For the Scripture says, “You shall not muzzle an ox when it treads out the grain,” and,“The laborer deserves his wages.”

One text quoted is from the Jewish Scriptures. The other is a saying attributed to Jesus in the Gospels.

And so the author of this text, not only do one or more written Gospels exist, but they are being viewed as Scripture.

There could perhaps be other explanations of what we find here – that a saying of Jesus was misremembered as being from the Hebrew Bible. But if it is deemed more likely that the author intends to refer to Gospels as part of the Scriptures, then given the absence of reference to written Gospels in the authentic letters of Paul, positing that Paul actually wrote 1 Timothy seems particularly difficult.

There are certainly ways of avoiding this conclusion, but it isn’t clear to me that any of them seem to provide a more probable reading of the evidence than what I’ve outline above.

What do others think?

 

  • Keen Reader

    Who do you posit as writing I Tim. (and II Tim.)?

    • http://www.patheos.com/blogs/exploringourmatrix/ James F. McGrath

      No idea.

    • http://jamesdowden.wordpress.com/ James Dowden

      Campenhausen thought it was Polycarp.
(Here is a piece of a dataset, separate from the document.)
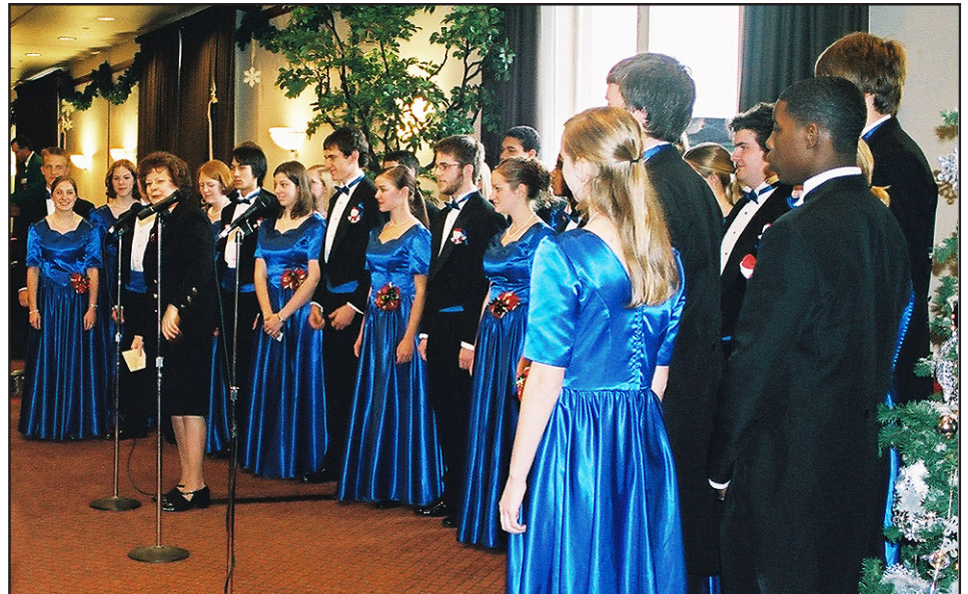
The Royal Blues, Grant High School's award-winning choral group, provided entertainment for this year's Annual Holiday Brunch at the Multnomah Athletic Club.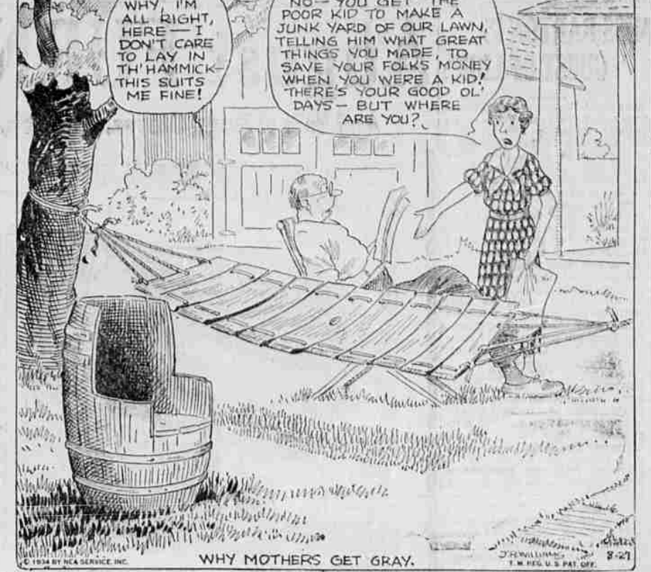
WHY MOTHERS GET GRAY.

It seems the right sort of time and milieu, even if it wasn’t him himself.

      • Keen Reader

        Thanks. I know nothing about this topic and thought there might be various ideas floating around scholarly circles. [I can't remember what Bart Erhman says about it and that's almost all I've read, apart from Metzger's NT introduction years ago.]

  • Jon Weatherly

    David Wenham argues for many more references to the gospel tradition in the Pauline letters than is often noted. If even some of the allusions he identifies are rightly identified, then there’s more of the gospel tradition in Paul’s letters than is often allowed. In that respect, I’d modify the notion that Paul’s lack of references to Jesus tradition is a given. Still, this text is one of many issues that makes it harder to attributed the Pastorals to Paul.

  • goodacre

    Or, horror of horrors, the Pastor may be quoting from Q 10.7 and regarding Q as scripture!

    • Keen Reader

      “The Pastor” — that’s something to hold on to, even if we don’t know who it is!

  • Andrew Dowling

    It’s likely probable, but IMO there are much stronger arguments that 1 Timothy was not written by Paul than that quote.
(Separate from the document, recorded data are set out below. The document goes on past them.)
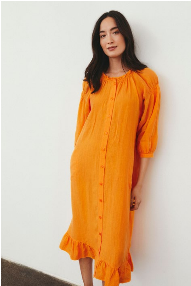
30307508 SISSEPW DRESS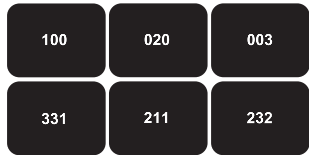
Fig. 1 The objective during the multi-source interference task was to report, via button-press, the identity of the displayed number that differed from the other two numbers. During the control tasks (upper row), the distractors were zeros, and the target numbers (either 1, 2, or 3) were always placed congruently with their position. During the interference tasks (lower row), the distractors were either 1, 2, or 3, and the target numbers were never placed congruently with their position. The correct answer for the first column is hence '1', for the second '2', and for the third '3'

The MSIT was executed in concordance with the instructions of Bush et al. [15]. In short, the subjects were given an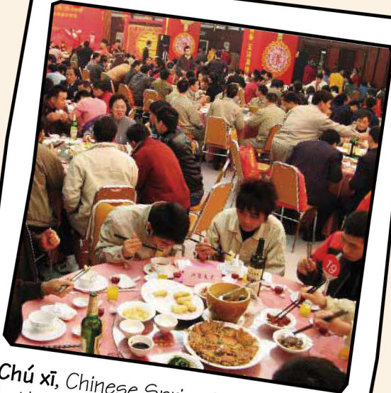
Chú xī , Chinese Spring Festival Eve, is the day on which family members all get together to celebrate the new year.

  • http://againstjebelallawz.wordpress.com/ Enopoletus Harding
  • Parableman

    At best, this doesn’t show that it’s not Paul, just that it’s written later than the other Pauline letters. Why couldn’t that time pass and then the growing consensus of gospel teachings as scripture be something Paul could have held too? And there’s no reason to think the gospels must have been all written after Paul’s death, since there’s tradition supporting the possibility that people he knew well were involved in writing them.

    But I don’t think it even requires a time gap. Why couldn’t Paul think something that he only mentions in one or two letters? This isn’t a very strong argument. Stephen King writes novels now and then that are very different from his other works. Scholars write books about topics that aren’t their standard schtick. We have to assume everything someone writes is like everything else they write for these sorts of arguments to have any force, and that assumption is just not true.

    • http://www.patheos.com/blogs/exploringourmatrix/ James F. McGrath

      It is not impossible that the Gospels were written prior to Paul’s death, but that doesn’t make it probable. You would need to make a case for what that is them more likely scenario. That new texts were produced and immediately or quickly regarded as Scripture is precisely the sort of unprecedented event that one would expect to be mentioned, is it not?

      The issue is not that authors always write in the same way, but that something that is surprisingly different, in a letter that is full of things that are surprisingly different, in a context in which forgery was common, has to be treated with the same appropriate level of suspicion that historians will apply to any other similar cases.

      • EarBucket

        I don’t think Paul wrote 1 Timothy (maybe 2 Timothy, though) but it could maybe be argued that he’s quoting Q here as opposed to one of the canonical gospels.

  • http://www.gentlewisdom.org/ Peter Kirk

    Would you take it as a general principle that if, in a certain body of writing, there is just one reference to some other body of writing, that is evidence that the passage containing the reference is not authentic? That would seem to be an extremely dubious criterion. Yet isn’t it the one you are using here?

    • http://www.patheos.com/blogs/exploringourmatrix/ James F. McGrath

      I don’t think that is the criterion I am using – I certainly hope it isn’t! One may only mention a text one knows on a single occasion, or often, or never. But given that Paul refers to Scripture regularly, and to Jesus regularly, I believe it is reasonable to infer that, if Paul knew of a collection of information about Jesus that he viewed as Scripture, we would expect to encounter that more frequently.